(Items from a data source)

---------------

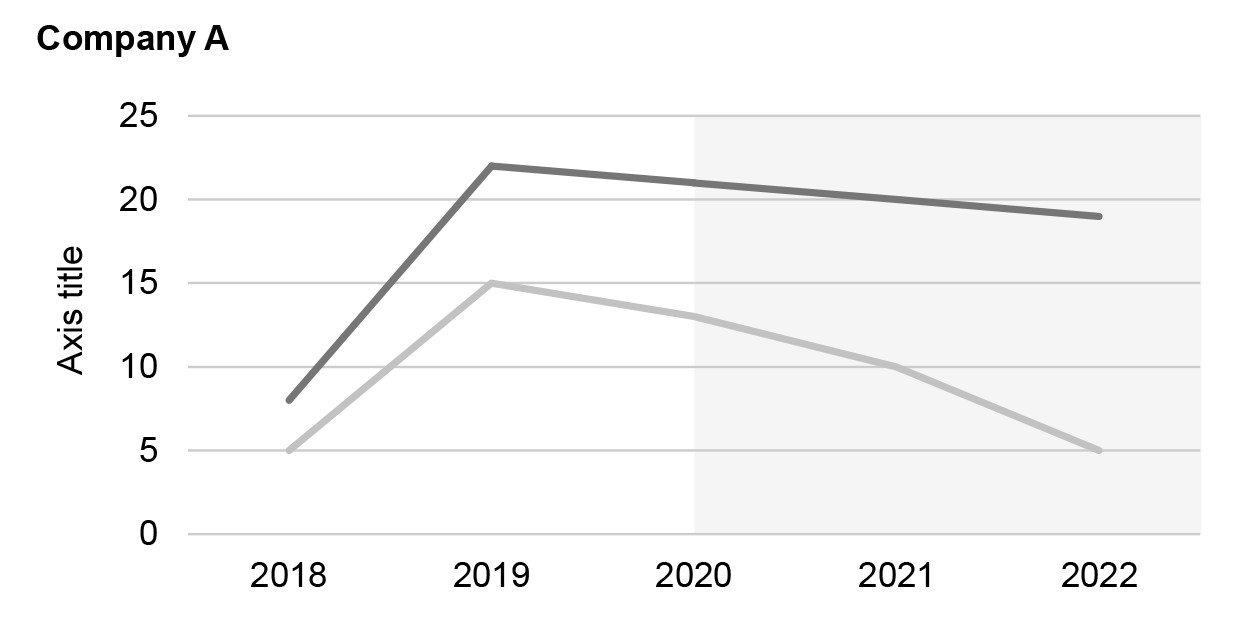 Use comparable scales when contrasting two or more sets of data in different ranges. The ranges of y-axis on both charts should represent the same percentage change.
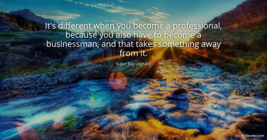 Leonard, Sugar Ray. (2026, January 16). It's different when you become a professional, because you also have to become a businessman, and that takes something away from it. FixQuotes. https://fixquotes.com/quotes/its-different-when-you-become-a-professional-104105/
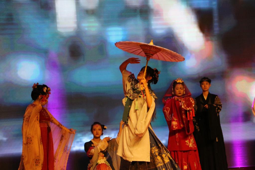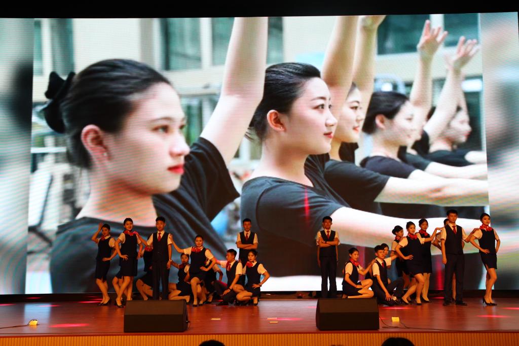 表彰大会过后,与会师生共同观看了2021年社团文化月“铭记党史荣耀·尽显社团风采”主题汇报演出。校大学生艺术团街舞队带来的舞蹈《燃》,拉开了整台演出的帷幕;华夏汉服社团选送的古风舞蹈,以独特的表演形式彰显了龙职学子对中华优秀传统文化的深厚情怀;校大学生公寓管理委员会带来的舞蹈《love me now》燃爆全场,旅游与人文艺术学院空乘专业社团带来的走秀《空中礼仪》,将晚会现场气氛不断推向高潮。
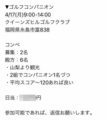 ※ゴルフ後に懇親会がある場合は、お仕事情報に載ります。
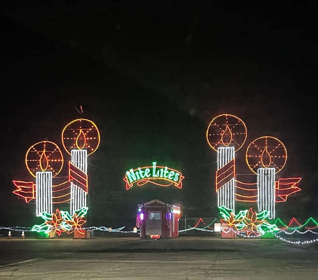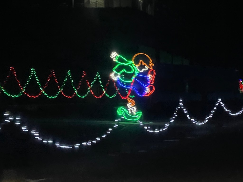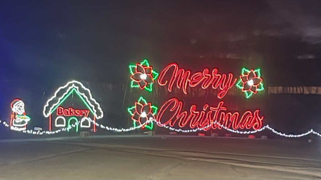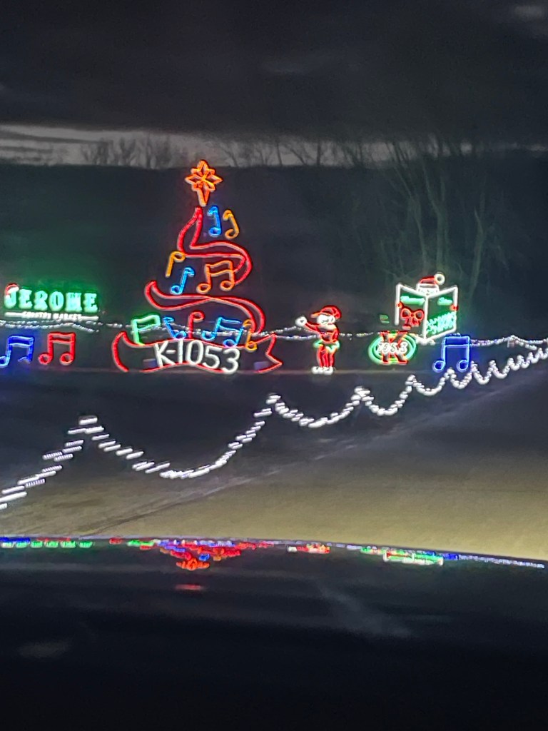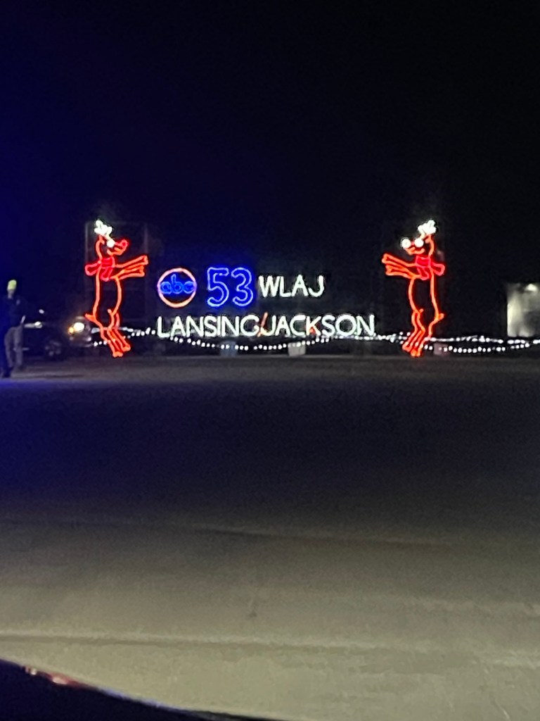 We drive through the Michigan International Speedway that is lit up with Christmas lights.

---------------

Skipping all images, print the data above a second time exactly.

 Use comparable scales when contrasting two or more sets of data in different ranges. The ranges of y-axis on both charts should represent the same percentage change.
 Leonard, Sugar Ray. (2026, January 16). It's different when you become a professional, because you also have to become a businessman, and that takes something away from it. FixQuotes. https://fixquotes.com/quotes/its-different-when-you-become-a-professional-104105/
 表彰大会过后,与会师生共同观看了2021年社团文化月“铭记党史荣耀·尽显社团风采”主题汇报演出。校大学生艺术团街舞队带来的舞蹈《燃》,拉开了整台演出的帷幕;华夏汉服社团选送的古风舞蹈,以独特的表演形式彰显了龙职学子对中华优秀传统文化的深厚情怀;校大学生公寓管理委员会带来的舞蹈《love me now》燃爆全场,旅游与人文艺术学院空乘专业社团带来的走秀《空中礼仪》,将晚会现场气氛不断推向高潮。
 ※ゴルフ後に懇親会がある場合は、お仕事情報に載ります。
 We drive through the Michigan International Speedway that is lit up with Christmas lights.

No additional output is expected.